21 I will not quantify the discount that I will impose for the assistance separately from the discount for the plea of guilty. I will however note that when I compare the discount for this offender with the discount I allowed for her brother’s assistance, she can provide lesser assistance than her brother could. On the other hand her plea was entered earlier than her brother’s. The offender was committed for trial in June last year, there was an offer to plead to a lesser charge than that to which the offender has ultimately pleaded in July. The matter was in this court on five or six occasions before a plea was entered. In those circumstances the discount I will allow for the plea of guilty and the assistance is thirty percent.
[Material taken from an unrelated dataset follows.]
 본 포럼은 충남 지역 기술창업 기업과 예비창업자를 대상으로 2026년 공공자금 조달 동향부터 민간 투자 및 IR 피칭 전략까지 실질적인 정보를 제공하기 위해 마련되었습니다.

22 I should mention the question of parity in relation to the sentences I imposed upon the offender’s brother. This particular matter for which the offender is to be sentenced has a counterpart in a matter on a Form 1 attached to one of the offences which Mr McGaw was sentenced, and I repeat that he was sentenced on the basis of different facts. Parity is really of no application in those circumstances, there being nothing really to compare the sentence I will impose on this offender with any sentence I imposed on Mr McGaw. Of course I will take into account that the offender has spent some considerable time in fulltime custody. I can say considerable time because two months and thirteen days in fulltime custody for an offender going to gaol for the first time is considerable.
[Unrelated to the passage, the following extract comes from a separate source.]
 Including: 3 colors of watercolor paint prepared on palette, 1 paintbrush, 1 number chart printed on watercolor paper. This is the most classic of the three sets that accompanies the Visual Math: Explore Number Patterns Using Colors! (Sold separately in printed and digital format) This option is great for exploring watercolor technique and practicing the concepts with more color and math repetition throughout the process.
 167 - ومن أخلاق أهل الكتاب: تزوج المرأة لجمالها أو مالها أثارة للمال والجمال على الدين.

23 It is a fundamental rule in sentencing that a sentence must reflect the objective gravity of an offender’s conduct. This was grave conduct indeed. The offence is to be placed in it’s proper context when I assess it’s criminality. This was not a case where nothing at all had happened to DS before he was incited to kiss the outside of the offender’s vaginal area. To the contrary at the time the offender did what she did, DS has already been subject to acts of violence. He was crying at times and he was injured. This places the offender’s actions in it’s proper context and makes her behaviour serious indeed.
24 Taking into account the periods of imprisonment already served I will sentence the offender to imprisonment but order that it be served by way of periodic detention. The offender is sentenced to imprisonment. I set a non-parole period of six months with a head sentence of twelve months. That sentence is to be served by way of periodic detention. The offender is therefore to report to the Norma Parker Periodic Detention Centre at 8.30am on 5 May 2007 in order to commence serving her sentence.